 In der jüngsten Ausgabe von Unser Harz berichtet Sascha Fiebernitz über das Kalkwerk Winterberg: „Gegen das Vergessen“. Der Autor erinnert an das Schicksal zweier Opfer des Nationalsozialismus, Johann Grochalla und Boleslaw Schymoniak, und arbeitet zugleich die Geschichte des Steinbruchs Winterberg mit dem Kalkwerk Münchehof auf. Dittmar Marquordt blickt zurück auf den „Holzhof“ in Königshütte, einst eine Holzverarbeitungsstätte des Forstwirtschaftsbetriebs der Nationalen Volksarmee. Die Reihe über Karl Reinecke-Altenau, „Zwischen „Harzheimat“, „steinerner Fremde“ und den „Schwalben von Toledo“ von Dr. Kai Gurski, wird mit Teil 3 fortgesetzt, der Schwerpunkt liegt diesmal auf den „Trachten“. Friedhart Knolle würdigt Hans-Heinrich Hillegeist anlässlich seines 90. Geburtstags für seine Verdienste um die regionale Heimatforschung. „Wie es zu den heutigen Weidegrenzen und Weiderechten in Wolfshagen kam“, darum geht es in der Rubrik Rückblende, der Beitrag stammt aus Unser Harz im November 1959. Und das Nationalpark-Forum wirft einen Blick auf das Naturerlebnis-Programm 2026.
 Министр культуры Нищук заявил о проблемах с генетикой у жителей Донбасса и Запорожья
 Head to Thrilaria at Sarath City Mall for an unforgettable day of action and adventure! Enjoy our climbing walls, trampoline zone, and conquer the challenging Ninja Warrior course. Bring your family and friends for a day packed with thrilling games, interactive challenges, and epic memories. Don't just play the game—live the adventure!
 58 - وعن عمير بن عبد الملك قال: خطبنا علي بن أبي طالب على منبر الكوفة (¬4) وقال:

===

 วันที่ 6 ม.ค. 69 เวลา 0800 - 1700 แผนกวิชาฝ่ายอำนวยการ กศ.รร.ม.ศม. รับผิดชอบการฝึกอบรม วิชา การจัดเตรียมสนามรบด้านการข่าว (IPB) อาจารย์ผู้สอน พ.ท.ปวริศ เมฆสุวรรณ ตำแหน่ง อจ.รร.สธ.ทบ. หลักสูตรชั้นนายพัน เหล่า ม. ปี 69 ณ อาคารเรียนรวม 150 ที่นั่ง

===

Please output the lines of the listing above that fall in the stretch from the one with "Министр культуры Нищук" through the one with "58 - وعن عمير", exactly and only those.

 Министр культуры Нищук заявил о проблемах с генетикой у жителей Донбасса и Запорожья
 Head to Thrilaria at Sarath City Mall for an unforgettable day of action and adventure! Enjoy our climbing walls, trampoline zone, and conquer the challenging Ninja Warrior course. Bring your family and friends for a day packed with thrilling games, interactive challenges, and epic memories. Don't just play the game—live the adventure!
 58 - وعن عمير بن عبد الملك قال: خطبنا علي بن أبي طالب على منبر الكوفة (¬4) وقال:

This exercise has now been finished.